Dans le Parlement sortant, la coalition au pouvoir comptait seulement deux députés de plus que les socialistes.
Croissance fulgurante de Chega
En un an, l’exécutif de M. Montenegro a pris plusieurs mesures en faveur du pouvoir d’achat, en augmentant les retraites, le salaire minimum ou en acceptant les revendications de plusieurs catégories de fonctionnaires, dont les enseignants, les médecins ou les policiers. Il a également accordé des allègements fiscaux en faveur des jeunes.
Il a par ailleurs durci la politique migratoire du précédent gouvernement socialiste d’Antonio Costa, qui était une des plus souples d’Europe.
Alors que le nombre d’étrangers vivant au Portugal a quadruplé depuis 2017, atteignant désormais environ 15 % de la population, sur 10 millions d’habitants au total, l’immigration a fait irruption dans le débat politique.
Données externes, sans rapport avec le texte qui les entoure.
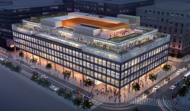 If the architects tasked with re-imagining the Martin Luther King Jr. Memorial Library were unencumbered by budgets or political realities, they’d cut a big hole in the middle of the boxy Mies van der Rohe-designed building, letting light filter down into to the library’s Great Hall through an atrium stretching up four stories. Two floors would be tacked onto the existing structure, offering space for an additional tenant. A roof garden and ground-level café would provide amenities to draw in readers and passersby alike.
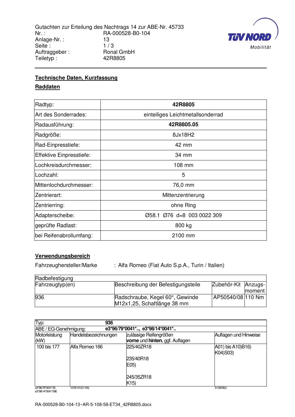 Dieses Gutachten (abe) bezieht sich auf die Alufelge brand-ronal 42R8805 in der Ausführung 8Jx18 ET 0, Mittenloch 0 mm (KBA 45733). Im PDF findest du typischerweise zulässige Reifengrößen, Auflagen/Anbauhinweise und – je nach Dokument – Hinweise zur Eintragung.
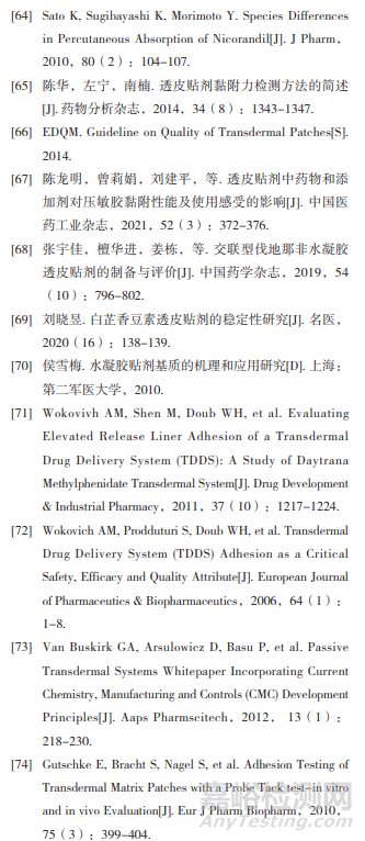 黏附力反映了透皮貼劑與皮膚黏附的牢固程度。藥物釋放的程度及速度與貼劑和皮膚接觸的面積、緊密程度和持續(xù)時(shí)間是直接相關(guān)的,越來(lái)越多的業(yè)內(nèi)人士認(rèn)識(shí)到,黏附力也是直接影響透皮貼劑的安全性和有效性的一項(xiàng)重要的質(zhì)控指標(biāo)[65]。ChP 2020四部中收載了黏附力測(cè)定法,分別為:初黏力、持黏力、剝離強(qiáng)度及黏著力[45]。初黏力是指貼劑黏性表面與皮膚在輕微壓力接觸時(shí)對(duì)皮膚的黏附力;持黏力可反映貼劑的膏體抵抗持久性外力所引起變形或斷裂的能力;剝離強(qiáng)度表示貼劑的膏體與皮膚的剝離抵抗力;黏著力表示貼劑的黏性表面與皮膚附著后對(duì)皮膚產(chǎn)生的黏附力。①初黏力的檢測(cè)方法主要為滾球法和探針?lè)?,滾球法又可分為滾球平面停止法和滾球斜面停止法,通過(guò)將適宜的鋼球分別滾置于傾斜板或平面板上的貼劑黏性面,根據(jù)能粘住的最大球號(hào)鋼球,評(píng)價(jià)初黏力的大小。探針?lè)ㄊ且砸欢ǖ膶?shí)驗(yàn)條件,用探針輕觸貼劑的黏性面,使用傳感器定量測(cè)量其分離時(shí)所需要的力。②持黏力在測(cè)量時(shí)將貼劑黏性面粘貼于試驗(yàn)板表面,垂直放置,并沿貼劑的長(zhǎng)度方向施加拉力。測(cè)量持黏力的方法可分為靜態(tài)法和動(dòng)態(tài)法,靜態(tài)法是測(cè)定在固定拉力下將貼劑拉離所需的時(shí)間或固定時(shí)間內(nèi)貼劑的位移量;動(dòng)態(tài)法是測(cè)定將貼劑拉離的拉力。③剝離強(qiáng)度在測(cè)定時(shí)將貼劑的背襯面粘于金屬板上,揭去防粘層,覆上聚酯薄膜后,再以一定的角度(180°、90°兩種)剝離,由自動(dòng)記錄儀繪岀剝離曲線。④黏著力在測(cè)定時(shí)將貼劑黏附面朝上置于上樣模塊上,將兩邊的蓋襯分別撕開(kāi)少許,再用壓條分別壓住,除去蓋襯后放置在夾具底板上,將壓板水平壓下使貼劑黏性面均勻繃緊,最后選擇合適的測(cè)定模式進(jìn)行測(cè)定。
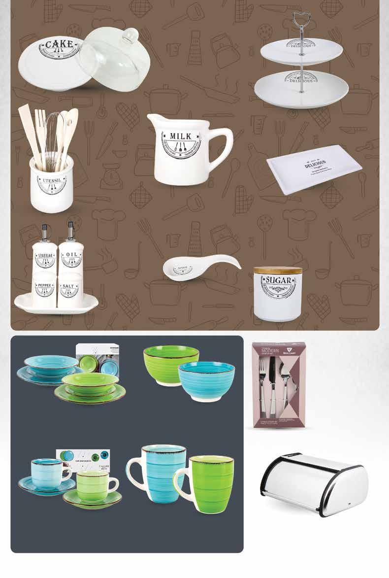 Set tanjura • zeleni ili plavi set Kutija za kruh Set šalica • zeleni ili plavi set Šalica • zelena ili plava • zapremnine 340 ml Zdjelica • zelena ili plava Ukrasni tanjur • pravokutni • materijal: keramika • dimenzije 30,5 x 15,5 x 2 cm Set za ulje, ocat, sol i papar na podlošku • materijal: keramika, plastika i nehrđajući čelik Posuda za mlijeko • materijal: keramika Set pribora za jelo • 24 komada • za 6 osoba • sastoji se od: 6 žlica, 6 vilica, 6 noževa i 6 desertnih žličica Posuda • sa 4 kuhinjska pomagala • materijal: keramika, drvo 13,5×8,5×10 cm 24,5×24,5×2,5 cm 35×23,5×14 cm 23×8,5×4 cm 25×25×8,5 cm 5 89 € 44.38 kn 2 09 € 15.75 kn 2 09 € 15.75 kn 7 89 € 59.45 kn 1 35 € 10.17 kn 1 75 € 13.19 kn 4 19 € 31.57 kn 7 89 € 59.45 kn 8 99 € 67.74 kn • dimenzije 36x17,5x2,5 cm 5.29 € 39.86 kn 2099 € 158.15 kn 3350 € 252.41 kn 1250 € 94.18 kn 1499 € 112.94 kn inox Ø 14 cm 24 - dijelni set 12 - dijelni set 18 - dijelni set Zvono za tortu • materijal: keramika, staklo A B Etažer • 2 nivoa • materijal: keramika A Držač za kuhače • materija: keramika A A A A B C Posude za šećer • s bambus poklopcem 9,5×9,5×9 cm 3 79 € 28.56 kn A A A B C A B C A B C A B C A B C A B C
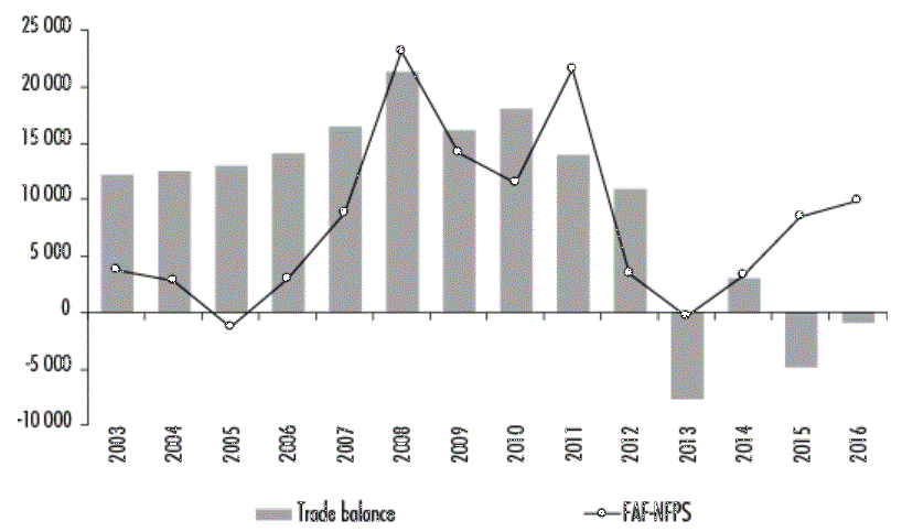 As the financial valorization model was exhausted, a new capital accumulation pattern emerged in 2002, substantially different than the model predating it (Basualdo, 2011). From that point forward, Argentina began to settle its debt with international bodies and private owners of government bonds, interrupting that intrinsic link between currency outflows and foreign debt. Thus, capital flight was no longer underwritten by foreign loans, and began to rest instead on the trade balance surplus. Figure 1 shows how the stock of capital flight and foreign debt evolved over different phases of history in Argentina. It shows the clear and close link between capital flight and foreign debt in the run-up to 2002, the interruption of this relationship-starting that same year and lasting throughout 2002-2015-, a time of significant debt reduction, when outgoing currency was essentially fed by the positive trade balance.
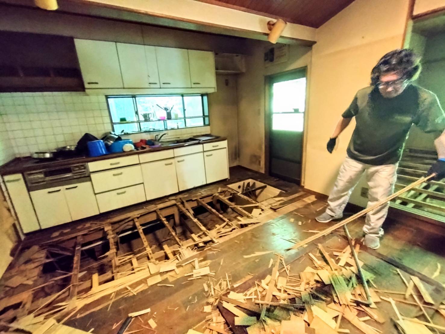 空き家改修をお手伝いしたときの麦島。床壊してます。
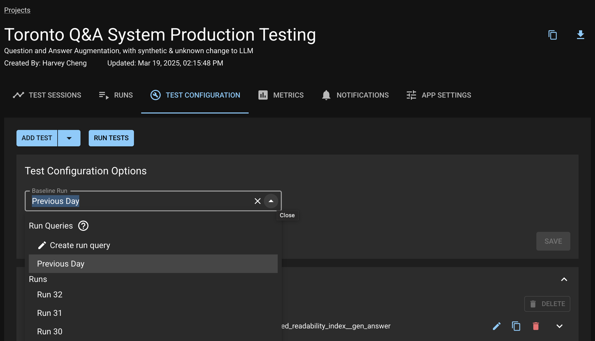 From your Project, click the "Test Configuration" tab. Choose a Run or Run Query from the Baseline Run dropdown.
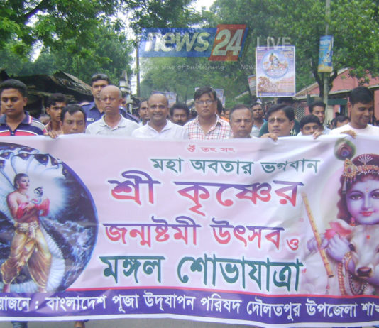 দৌলতপুরে শ্রীকৃষ্ণের জন্ম দিন উপলক্ষে জন্মাষ্টমী শোভাযাত্রা অনুষ্ঠিত
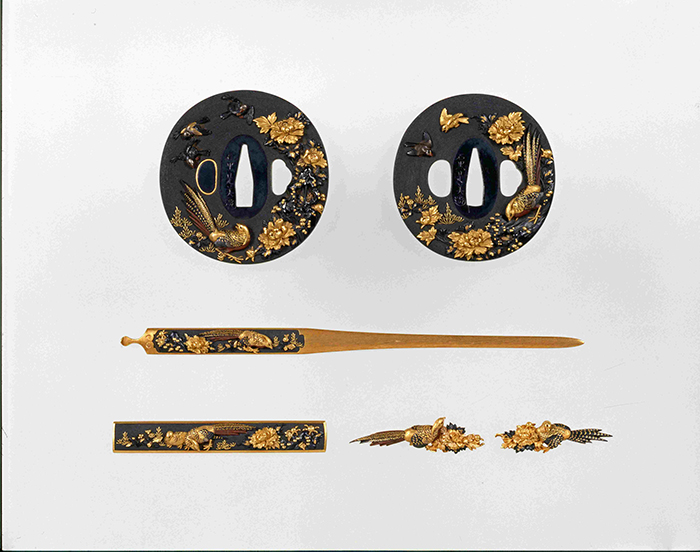 刀剣は本体だけでなく、鞘や鐔、そして外装に付ける金具の一種である「三所物」に施された工芸も見どころ。本作は、花鳥を題材として絢爛な作風で知られる石黒派屈指の名工、是美の代表作といわれる。
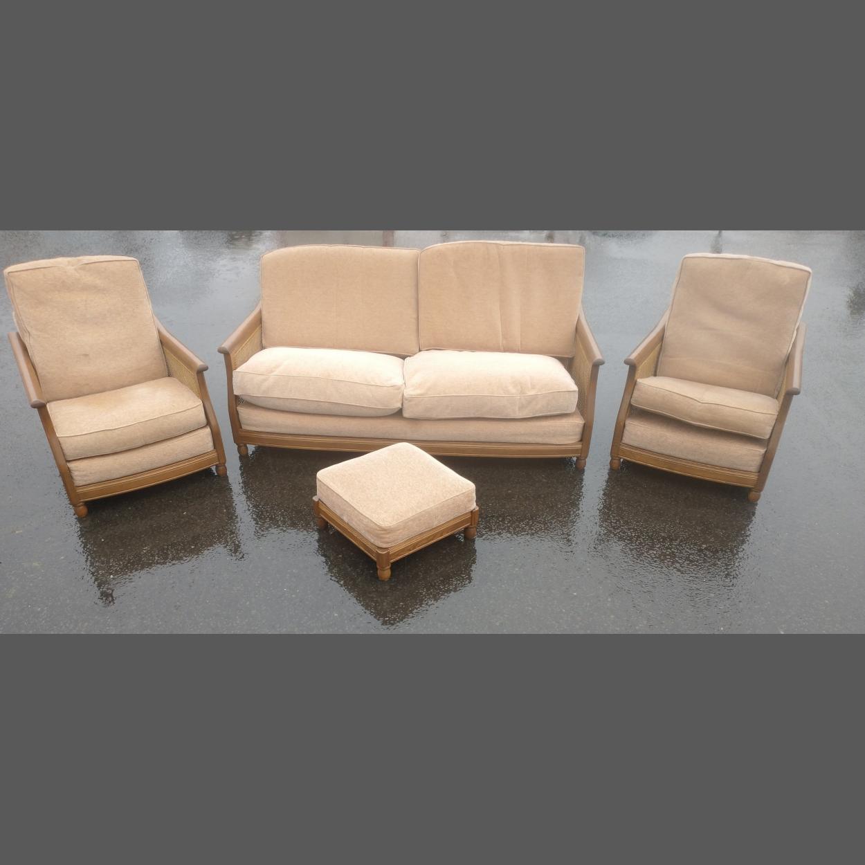 An ERCOL three piece suite comprising a three seater couch and two armchairs - with bergere sides and all in good condition and extremely
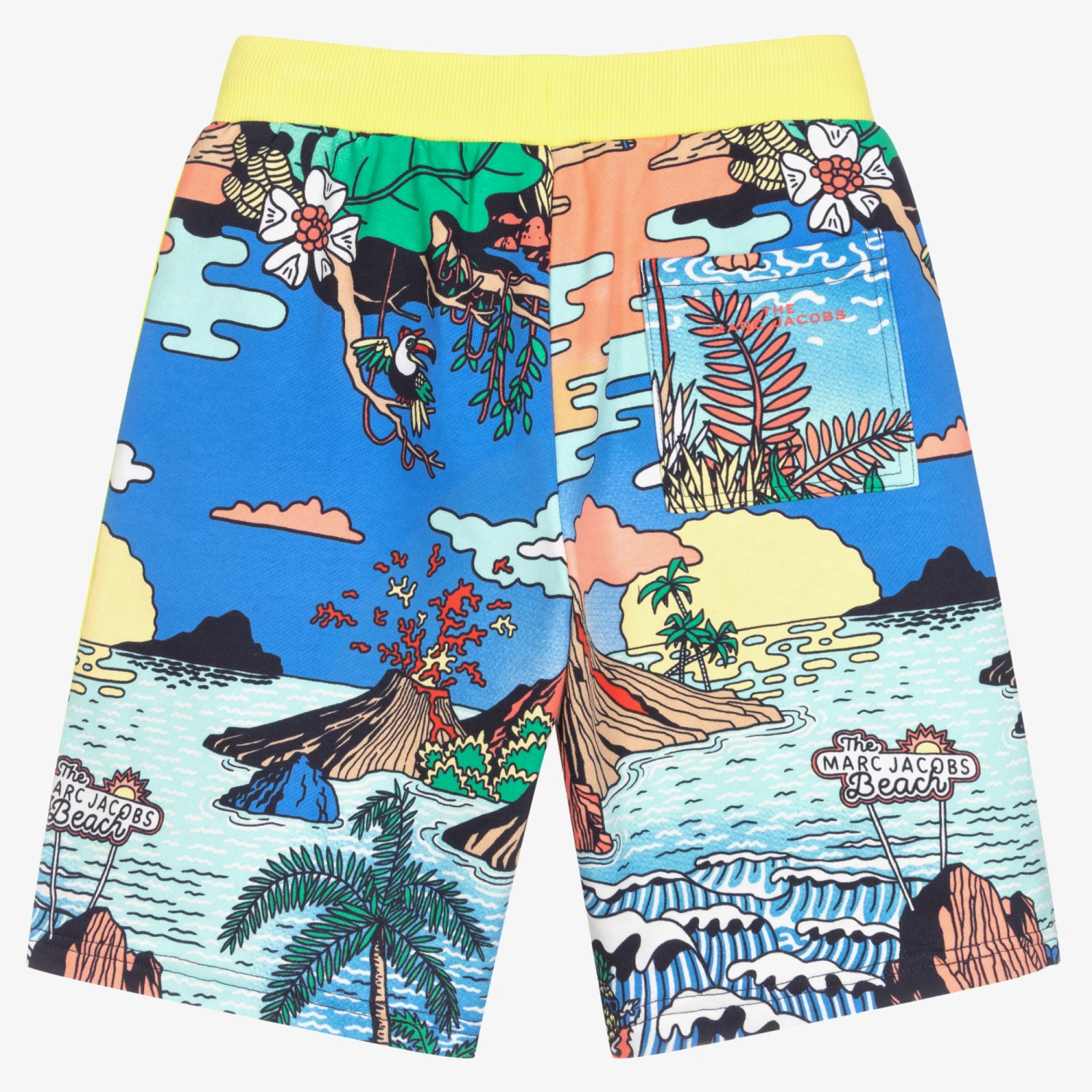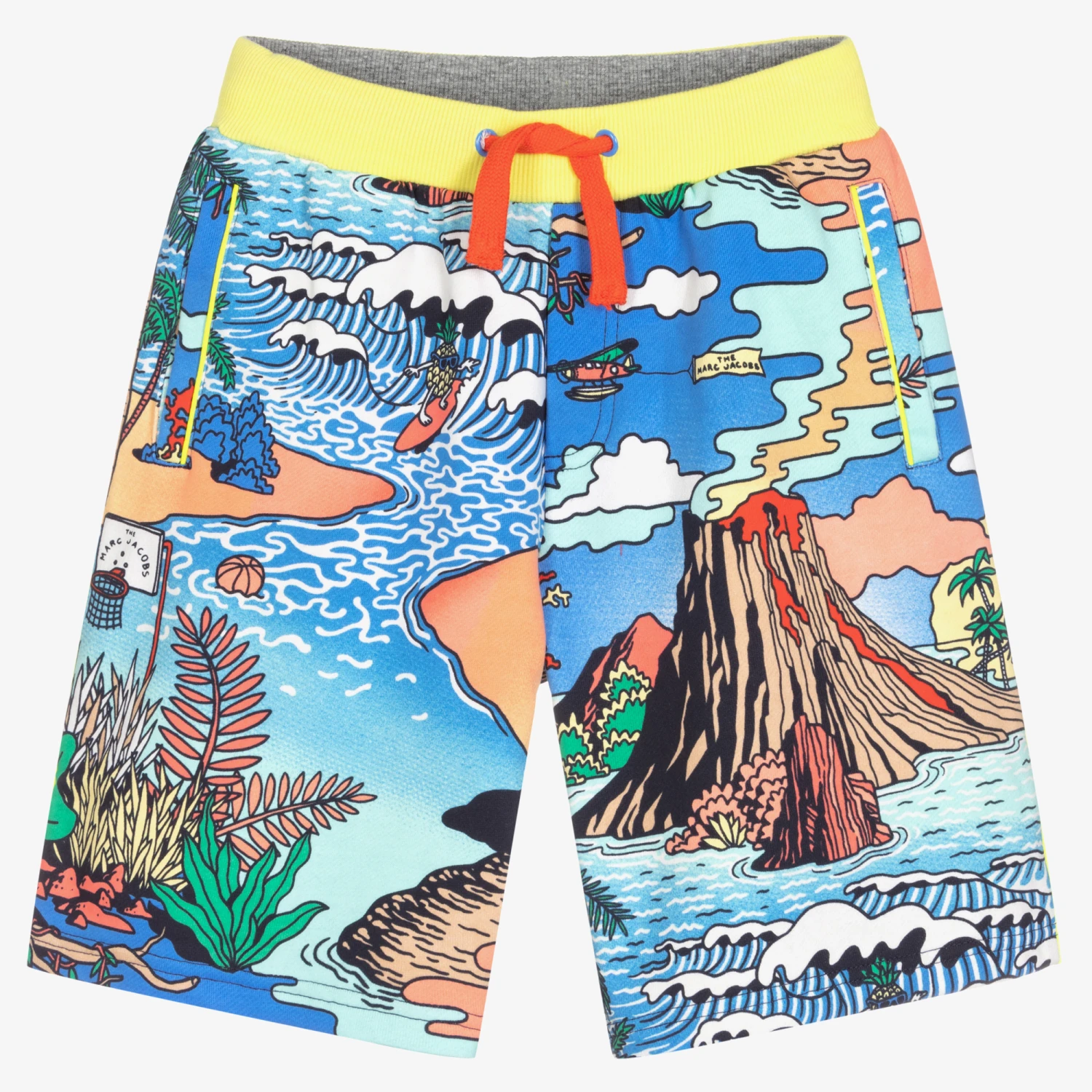Bold blue cotton jersey shorts for teen boys by American brand THE MARC JACOBS, made in soft mid-weight cotton jersey. Bright and colourful, they have an all-over Hawaiian pattern, with subtle logo motifs and a red logo print on the back pocket. There are neon yellow trims throughout and a bright yellow drawstring waistband.
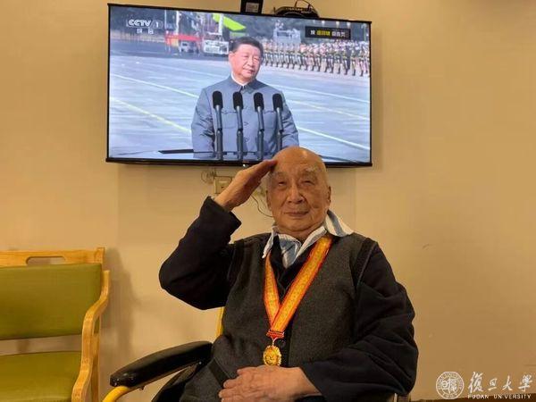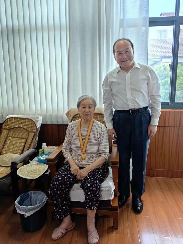 复旦大学党委副书记、上海医学院党委书记袁正宏代表学校,为103岁的离休干部汪枫叶颁发“中国人民抗日战争胜利80周年”纪念章,感谢他为民族解放和学校事业发展所作出的贡献,并祝愿他健康长寿。
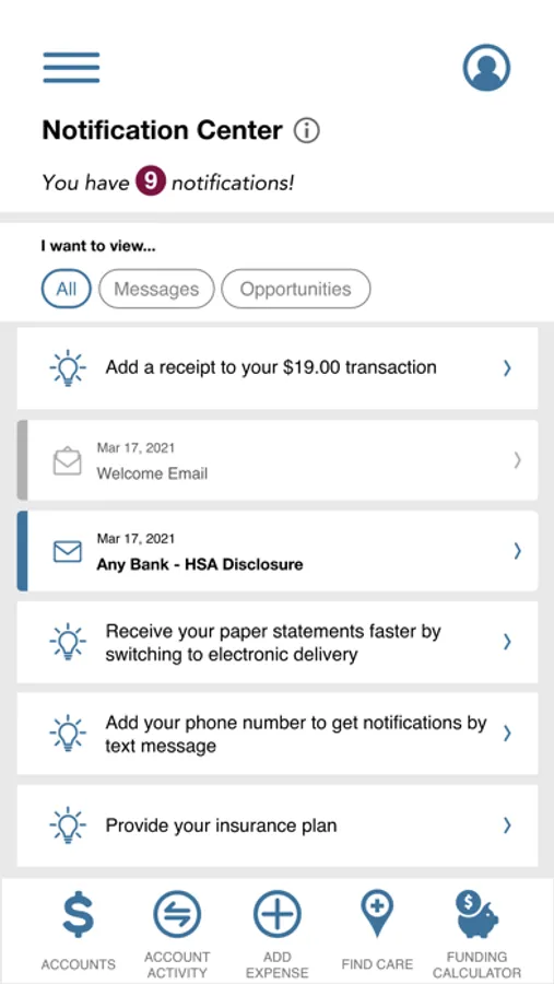 • Ability to fund HSA account from checking/savings account

Depuis sa fondation en 2019, Chega a connu une croissance fulgurante, obtenant en mars dernier 18 % des voix pour passer de douze à cinquante députés.
Son président André Ventura a vu sa campagne perturbée par deux malaises dont il a été victime devant les caméras de télévision, mais il est apparu plus en forme lorsqu’il a voté dimanche.
Afin de tirer profit des déboires du premier ministre et de l’afflux de travailleurs migrants venus d’Asie du Sud, il a martelé la rhétorique traditionnelle des partis populistes contre la corruption des élites politiques et les immigrés.